[Source data]
┌────────
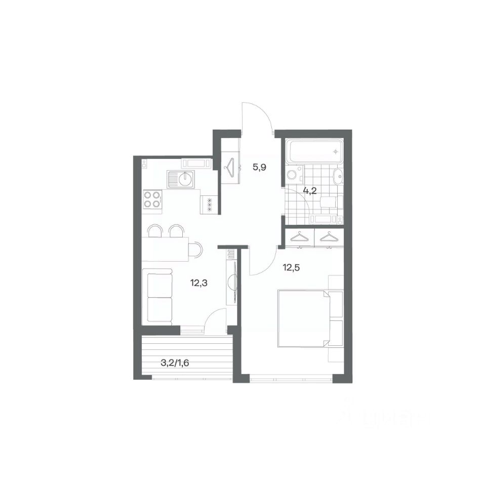 в Гагарина 30 от компании ГК "ТРЕСТ". Площадь кухни 12.3 м². Жилой комплекс комфорт-класса "Гагарина 30" расположен в Ленинградском районе Калининграда на улице Юрия Гагарина. Жилой комплекс включает в себя три корпуса высотой 9-18 этажей. Срок сдачи намечен на 1 квартал 2028 года.
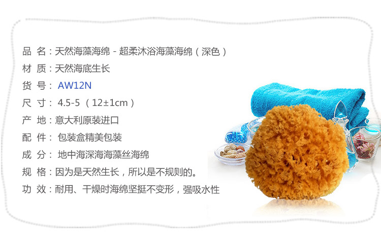 意大利进口洛森菲尔 天然海藻海绵 - 超柔沐浴海藻海绵(深色)
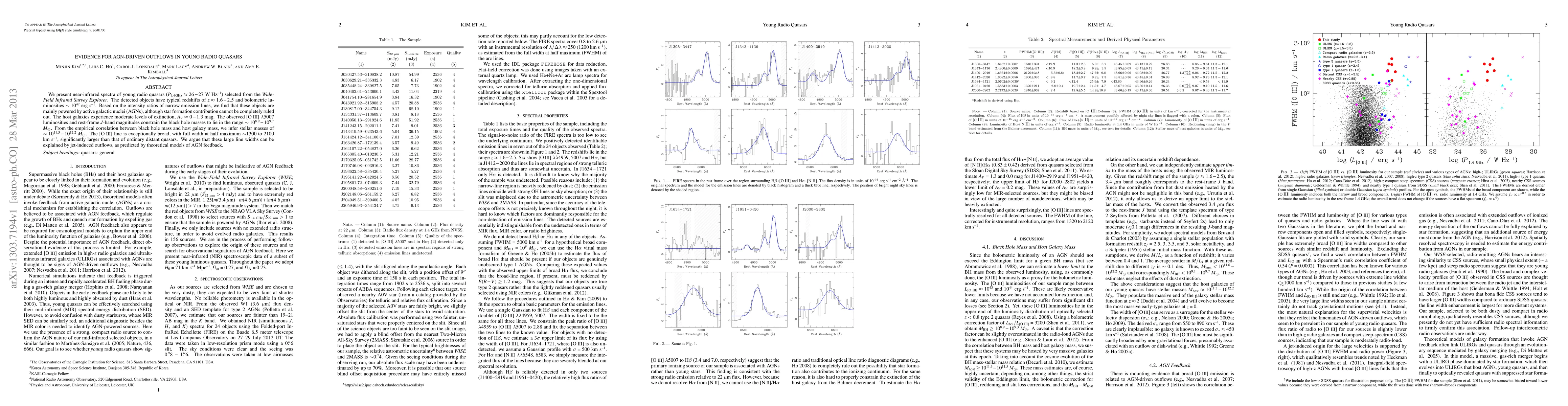 Researchers found that young radio quasars are powered mainly by active galactic nuclei (AGNs) with moderate levels of extinction, and their broad emission lines can be explained by jet-induced outflows.
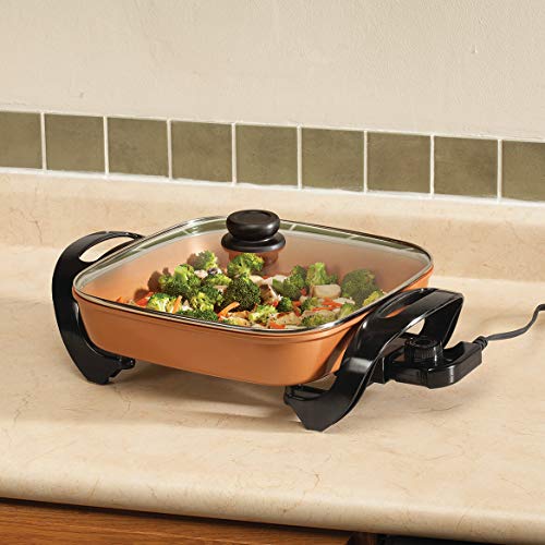 Click for More Images Electric skillet/frying pan features a Titanium infused surface that cooks up to 30% faster than ordinary nonstick surfaces to save Energy and time, and is PFOA- and PTFE-freeIntegrated lift & serve hinged lid allows for...
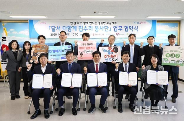 [신경북뉴스] 대구 달서구는 28일 구청에서 5개 기관이 참여한 가운데 ‘달서 다함께 집수리 봉사단’ 업무협약식을 열고, 기술 봉사와 복지 서비스를 결합한 새로운 상생형 주거복지 모델의 출발을 알렸다.
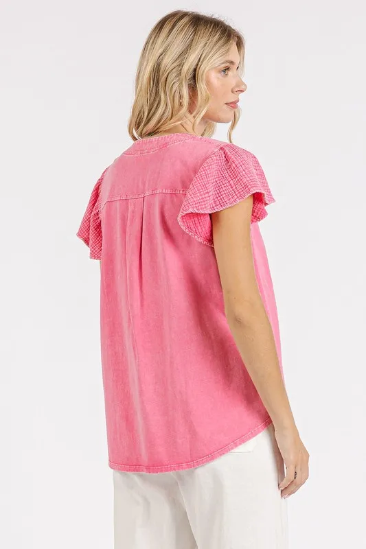 Detailed description of the Mittoshop Mix Media Ruffle Short Sleeve Mineral Wash Top, highlighting quality, design, and unique features that make it appealing to end consumers.
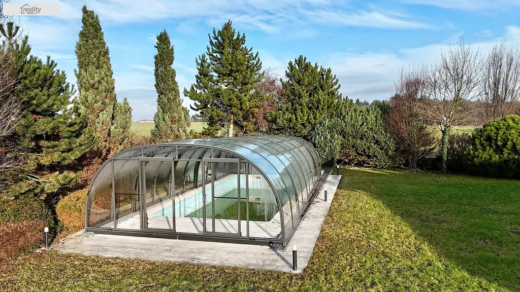 Zastřešený venkovní bazén se slanou vodou a vyhříváním, včetně automatické úpravy vody a regulace teploty
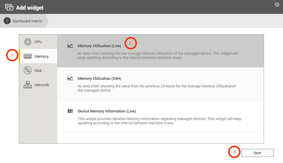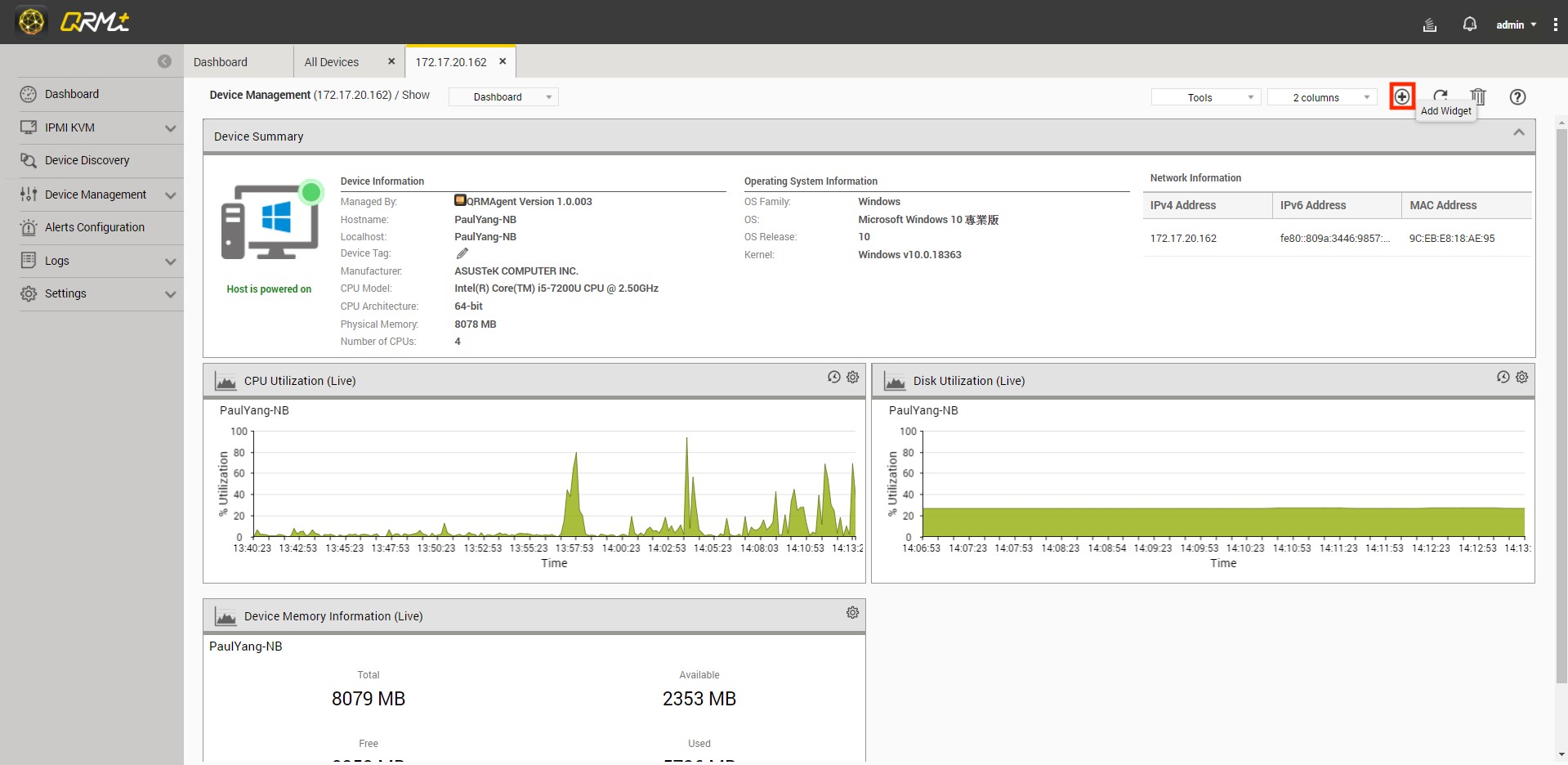 Step 1: Go to QRMAgent Single Device Dashboard page and click the "Add Widget" button
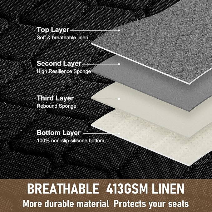 - 【Premium Linen Material】: Our linen car seat covers are made of 413GSM linen fabric, which is wear-resistant, not easily deformed, and more durable than other products. The linen bottom seat covers are breathable for long drives.
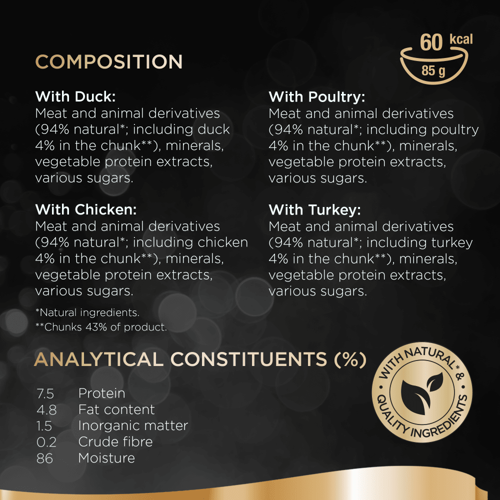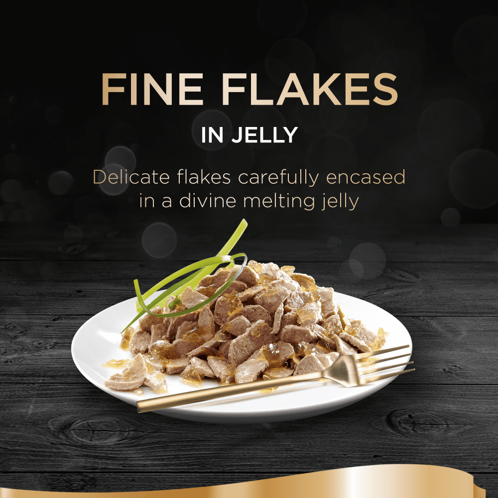 Indulge your feline's palate with our scrumptious flake pieces, carefully prepared in a divine melting, smooth jelly. This high-quality adult cat food offers complete and balanced nutrition, made from carefully selected ingredients without any artificial colours or preservatives.
└────────
▶ [Work order]: Could you return all the entries exactly as they appear, minus the pictures?

▶ [Answer to this task]:
 в Гагарина 30 от компании ГК "ТРЕСТ". Площадь кухни 12.3 м². Жилой комплекс комфорт-класса "Гагарина 30" расположен в Ленинградском районе Калининграда на улице Юрия Гагарина. Жилой комплекс включает в себя три корпуса высотой 9-18 этажей. Срок сдачи намечен на 1 квартал 2028 года.
 意大利进口洛森菲尔 天然海藻海绵 - 超柔沐浴海藻海绵(深色)
 Researchers found that young radio quasars are powered mainly by active galactic nuclei (AGNs) with moderate levels of extinction, and their broad emission lines can be explained by jet-induced outflows.
 Click for More Images Electric skillet/frying pan features a Titanium infused surface that cooks up to 30% faster than ordinary nonstick surfaces to save Energy and time, and is PFOA- and PTFE-freeIntegrated lift & serve hinged lid allows for...
 [신경북뉴스] 대구 달서구는 28일 구청에서 5개 기관이 참여한 가운데 ‘달서 다함께 집수리 봉사단’ 업무협약식을 열고, 기술 봉사와 복지 서비스를 결합한 새로운 상생형 주거복지 모델의 출발을 알렸다.
 Detailed description of the Mittoshop Mix Media Ruffle Short Sleeve Mineral Wash Top, highlighting quality, design, and unique features that make it appealing to end consumers.
 Zastřešený venkovní bazén se slanou vodou a vyhříváním, včetně automatické úpravy vody a regulace teploty
 Step 1: Go to QRMAgent Single Device Dashboard page and click the "Add Widget" button
 - 【Premium Linen Material】: Our linen car seat covers are made of 413GSM linen fabric, which is wear-resistant, not easily deformed, and more durable than other products. The linen bottom seat covers are breathable for long drives.
 Indulge your feline's palate with our scrumptious flake pieces, carefully prepared in a divine melting, smooth jelly. This high-quality adult cat food offers complete and balanced nutrition, made from carefully selected ingredients without any artificial colours or preservatives.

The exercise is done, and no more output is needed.